■ Work item
In the records below, find the line containing "Diuretics may also". Output it and every line after it to the end, unchanged, with no pictures.

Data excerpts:
----------------------------------------
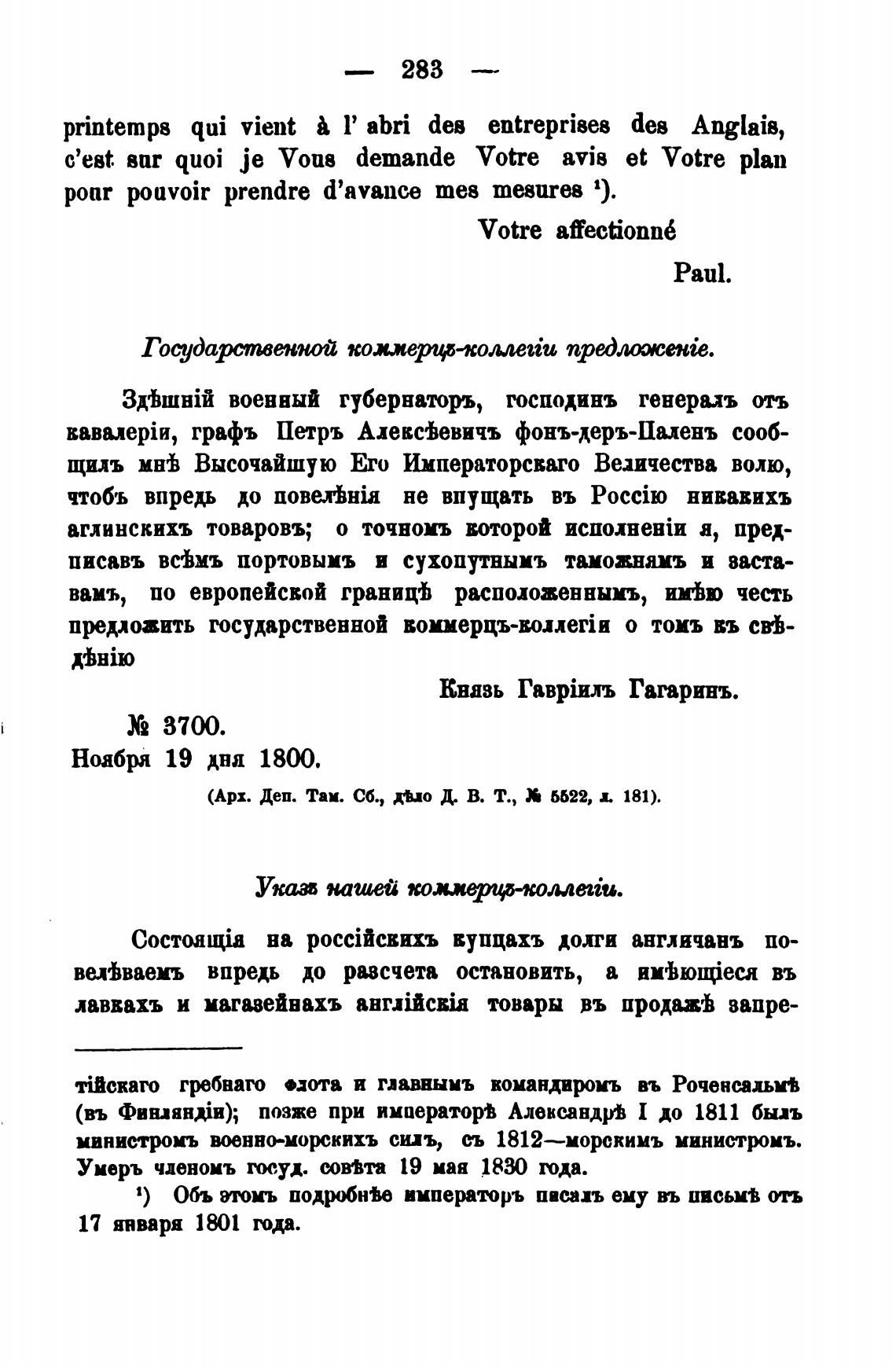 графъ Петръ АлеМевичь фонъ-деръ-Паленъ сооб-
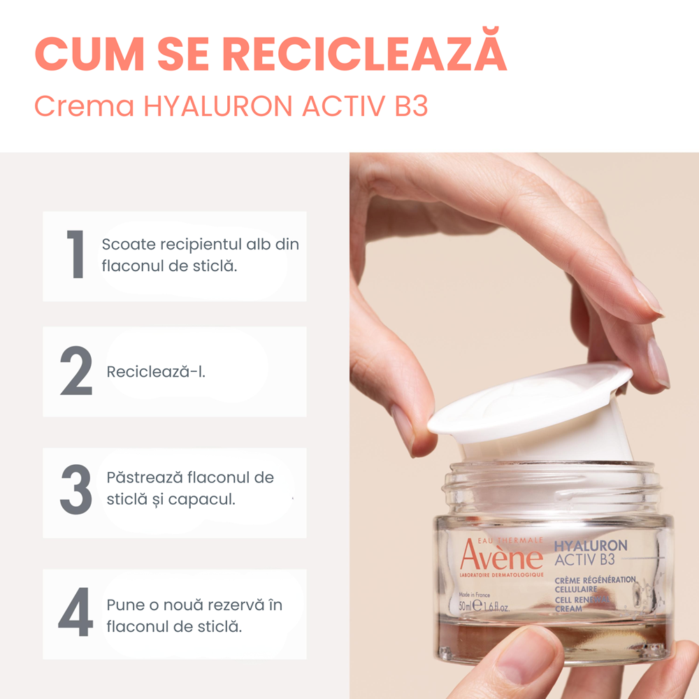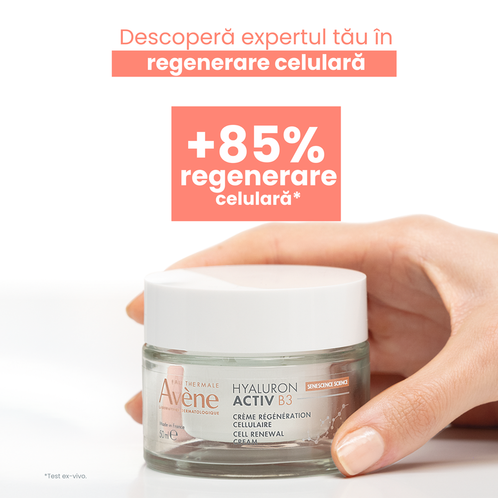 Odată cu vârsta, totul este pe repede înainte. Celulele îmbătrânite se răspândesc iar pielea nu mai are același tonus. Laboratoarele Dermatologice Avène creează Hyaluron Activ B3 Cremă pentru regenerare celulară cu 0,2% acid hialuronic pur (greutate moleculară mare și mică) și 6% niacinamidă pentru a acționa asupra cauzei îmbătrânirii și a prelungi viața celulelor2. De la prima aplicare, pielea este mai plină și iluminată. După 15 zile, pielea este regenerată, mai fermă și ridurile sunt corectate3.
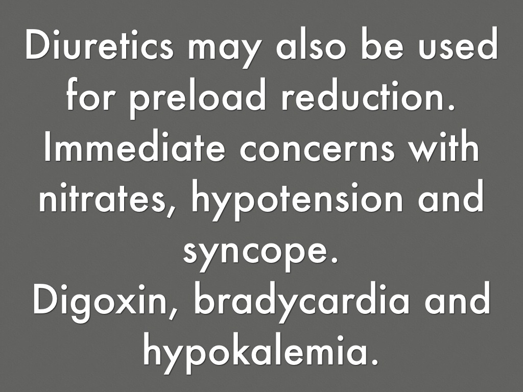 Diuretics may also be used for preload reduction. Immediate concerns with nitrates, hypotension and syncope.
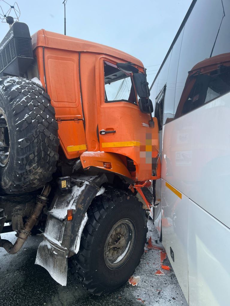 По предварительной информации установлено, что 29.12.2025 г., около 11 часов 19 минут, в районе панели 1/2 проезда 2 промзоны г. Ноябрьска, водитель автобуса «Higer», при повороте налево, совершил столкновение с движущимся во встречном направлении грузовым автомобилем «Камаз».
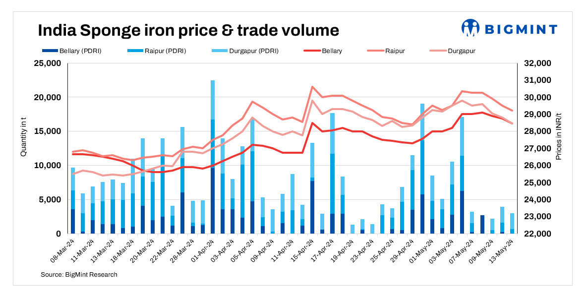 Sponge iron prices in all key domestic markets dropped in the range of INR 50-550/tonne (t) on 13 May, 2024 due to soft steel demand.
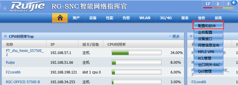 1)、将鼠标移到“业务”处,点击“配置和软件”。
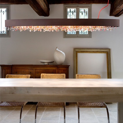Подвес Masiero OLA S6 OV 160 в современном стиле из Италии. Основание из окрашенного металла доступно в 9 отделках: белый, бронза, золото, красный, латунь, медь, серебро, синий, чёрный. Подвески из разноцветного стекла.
----------------------------------------
■ Output below
 Diuretics may also be used for preload reduction. Immediate concerns with nitrates, hypotension and syncope.
 По предварительной информации установлено, что 29.12.2025 г., около 11 часов 19 минут, в районе панели 1/2 проезда 2 промзоны г. Ноябрьска, водитель автобуса «Higer», при повороте налево, совершил столкновение с движущимся во встречном направлении грузовым автомобилем «Камаз».
 Sponge iron prices in all key domestic markets dropped in the range of INR 50-550/tonne (t) on 13 May, 2024 due to soft steel demand.
 1)、将鼠标移到“业务”处,点击“配置和软件”。
Подвес Masiero OLA S6 OV 160 в современном стиле из Италии. Основание из окрашенного металла доступно в 9 отделках: белый, бронза, золото, красный, латунь, медь, серебро, синий, чёрный. Подвески из разноцветного стекла.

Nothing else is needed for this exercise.